You're measuring the destination, but you're blind to the journey.

That UnknownHostException? It could mean:

  • DNS server unreachable (2-30 second timeout)
  • Domain doesn't exist (instant failure)
  • Network switched mid-request (random timing)
  • DNS poisoning in certain regions (varies)
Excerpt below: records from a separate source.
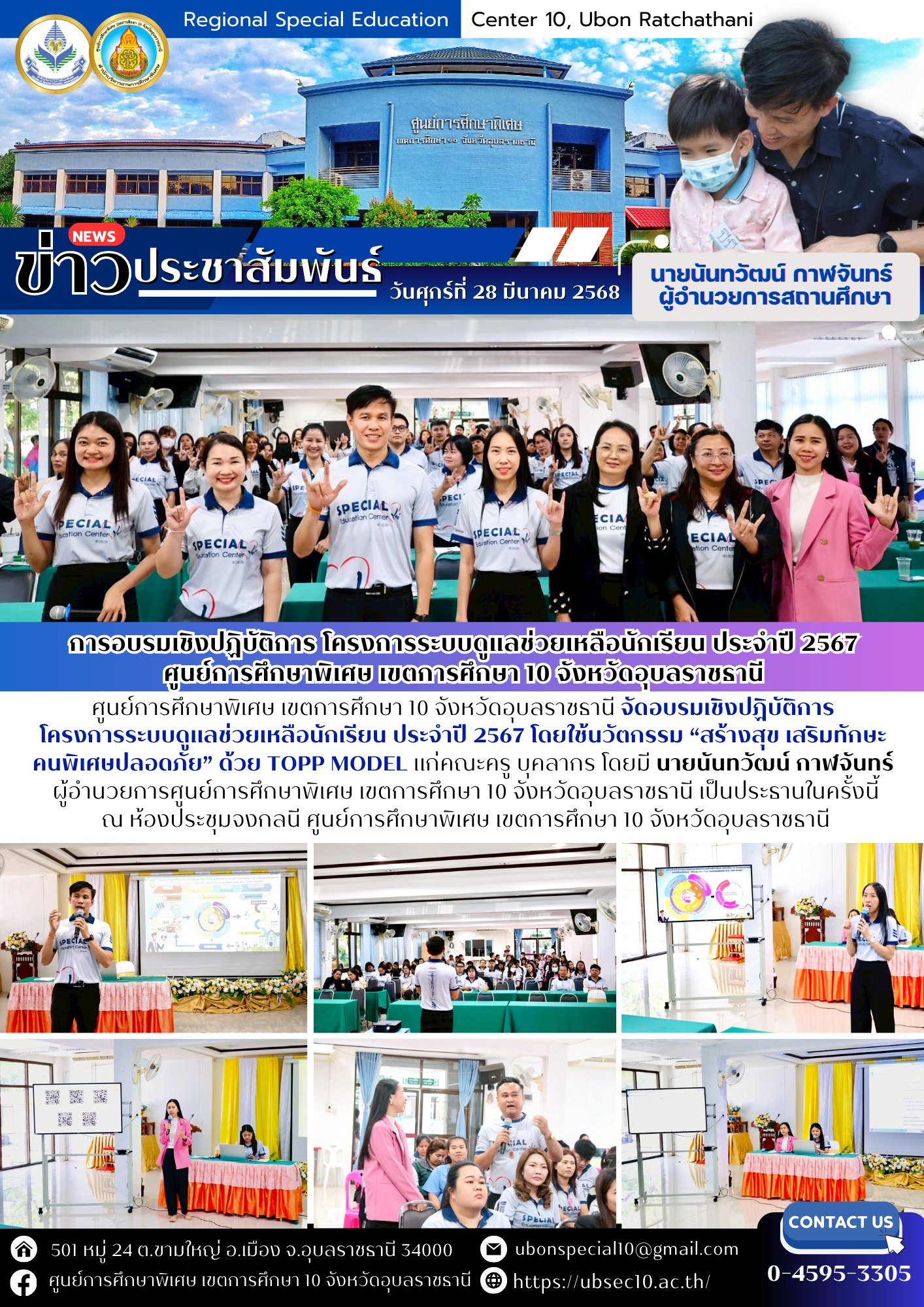 อบรมเชิงปฏิบัติการโครงการระบบดูแลช่วยเหลือนักเรียน ประจำปี 2567 โดยใช้นวัตกรรม “สร้างสุข เสริมทักษะ คนพิเศษปลอดภัย” ด้วย TOPP MODEL By ชนินทร์ ศรีส่อง / 28 มีนาคม 2025
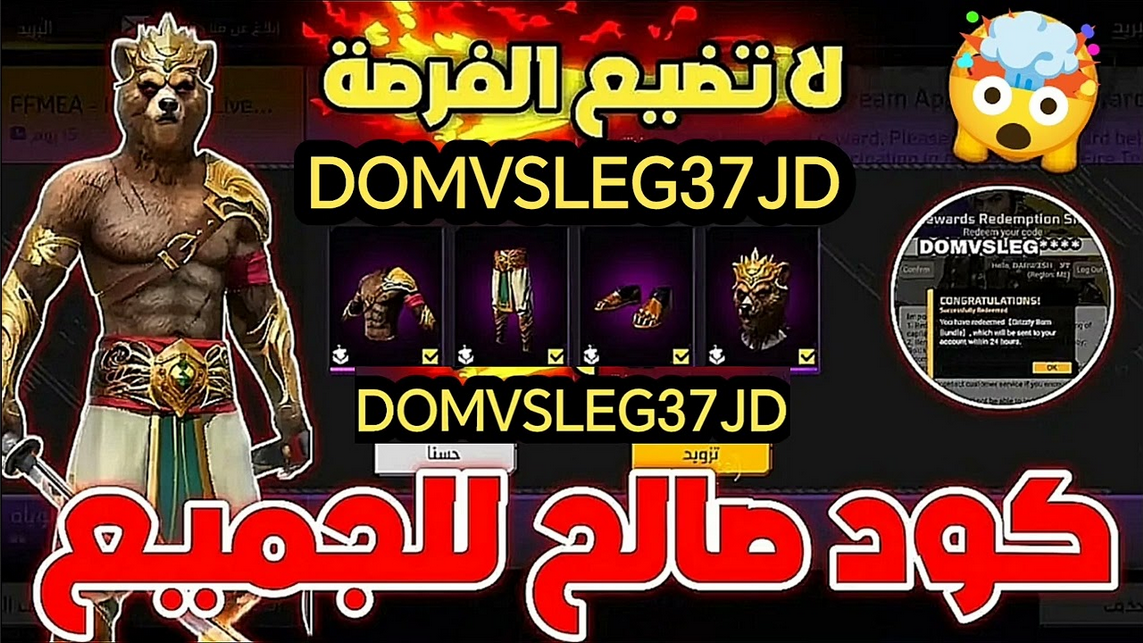 - اذا كنت تقصد سكن الدب في لعبة Free Fire باستخدام كود مثل DOMVSLEG37JD فالكود DOMVSLEG37JD تم الإعلان عنه رسميًا وعرضه للاستخدام في أوائل عام 2025 بما في ذلك يناير 2025. وآخر تقارير منشورة تفيد بأن اكواد فري فاير قد لا تزال متوفرًا وقابلًا للاسترداد في أوائل 2025.
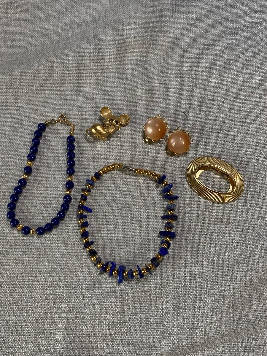 Gold tone jewelry lot. The little mouse pin is missing a rhinestone eye, but is still cute.
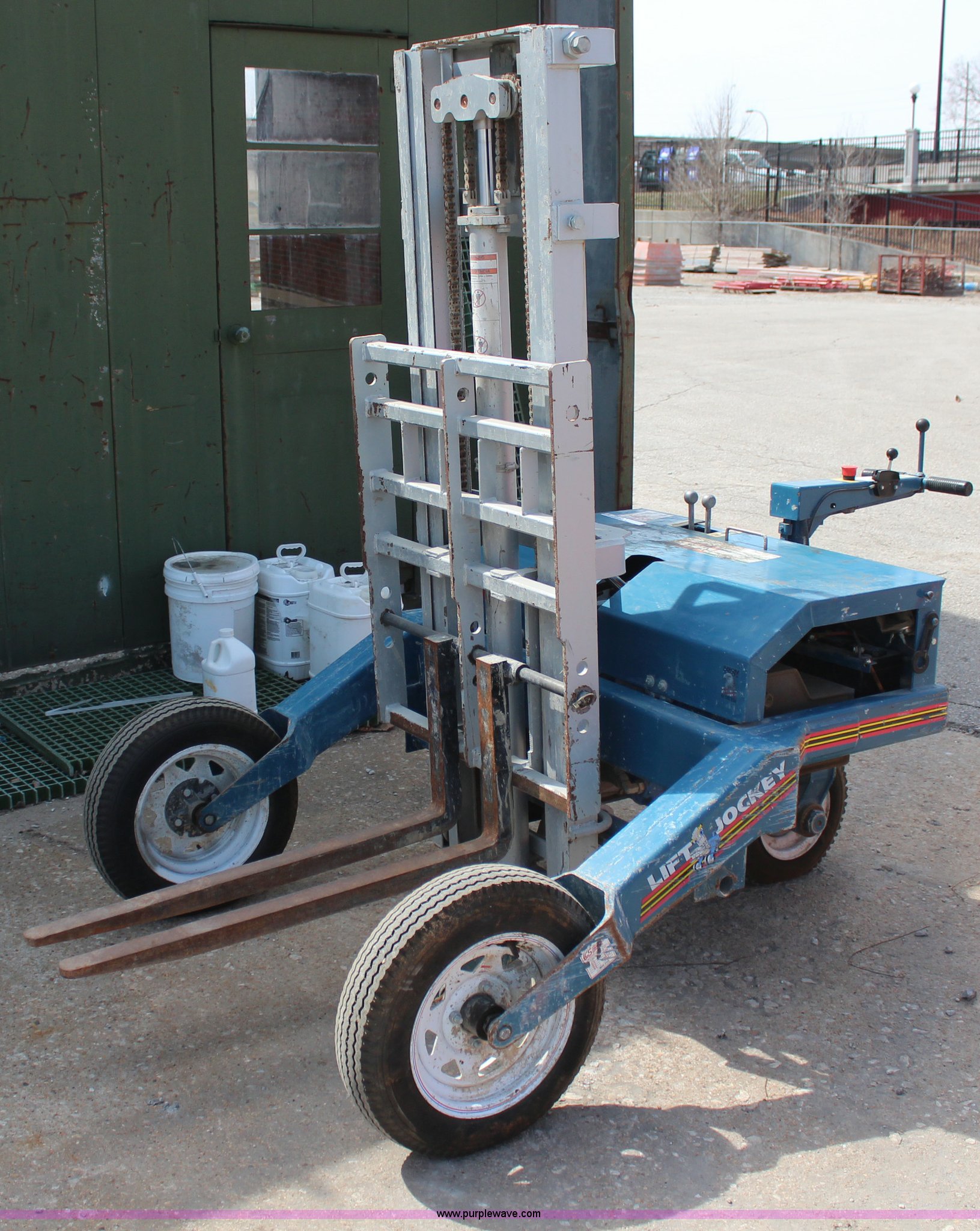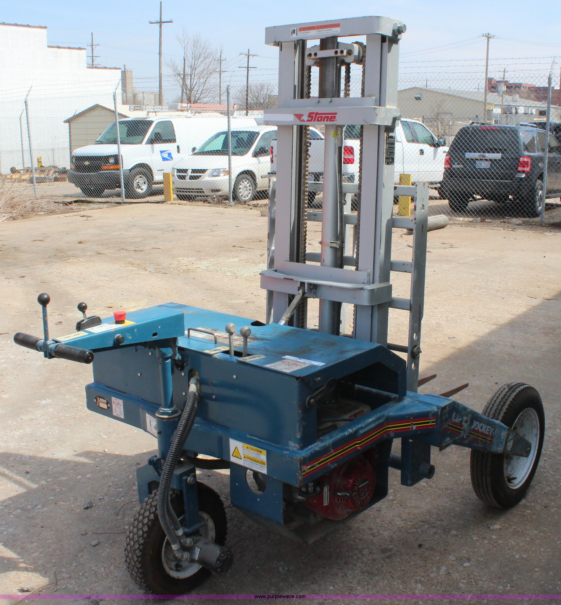 Purple Wave is selling a used Tools in Kansas. This item is a Stone LJ100 lift jockey with the following: Honda GX240 gas engine, Electric start, 8.5'H mast, 1,500 lbs capacity, 36" x 2" forks, 28" carriage, Serial 152010602

Without phase-level visibility, you're debugging with a blindfold.


Where Time Actually Goes

We instrumented 50,000 requests across different network conditions. Here's what we found:

Good Network (WiFi, 4G LTE)

Phase P50 P95 P99
DNS Lookup 5ms 45ms 120ms
TCP Connect 23ms 89ms 156ms
TLS Handshake 67ms 142ms 203ms
Time to First Byte 52ms 187ms 412ms
Total 147ms 463ms 891ms

Degraded Network (3G, Poor Signal)

Phase P50 P95 P99
DNS Lookup 234ms 8,200ms 29,000ms
TCP Connect 456ms 2,100ms 5,600ms
TLS Handshake 312ms 890ms 1,400ms
Time to First Byte 178ms 1,200ms 3,400ms
Total 1,180ms 12,390ms 39,400ms

The culprit in our 45-second mystery? DNS timeout on degraded networks.

But we only discovered this after adding proper instrumentation.


The Logging Interceptor Trap

This is in 90% of Android codebases:

class LoggingInterceptor : Interceptor {
    override fun intercept(chain: Interceptor.Chain): Response {
        val start = System.currentTimeMillis()
        val response = chain.proceed(chain.request())
        val duration = System.currentTimeMillis() - start

        Timber.d("Request took ${duration}ms") // <-- This number lies
        return response
    }
}

Why it lies:

Scenario What Happened What You See
3 retries due to connection reset 3 separate failures, then success "Request took 12,000ms"
Cache hit Instant response from disk "Request took 2ms" (good!)
Redirect chain (3 hops) 3 network round trips Single timing
DNS timeout + success 30s DNS, 200ms request "Request took 30,200ms"

You're seeing the outcome, not the story.


The OkHttp Timeout Trap

Here's a "reasonable" timeout configuration:

val client = OkHttpClient.Builder()
    .connectTimeout(10, TimeUnit.SECONDS)
    .readTimeout(30, TimeUnit.SECONDS)
    .writeTimeout(30, TimeUnit.SECONDS)
    .build()

Pop quiz: What's the maximum time a user could wait?

If you said 70 seconds, you're wrong. It's potentially infinite.

The Timeout Truth Table

Timeout What It Actually Controls Resets?
connectTimeout DNS + TCP + TLS combined No
readTimeout Max time between bytes Yes, per chunk
writeTimeout Max time between bytes Yes, per chunk
callTimeout Entire operation end-to-end No

A server trickling 1 byte every 25 seconds will never trigger your 30-second readTimeout. Each byte resets the clock.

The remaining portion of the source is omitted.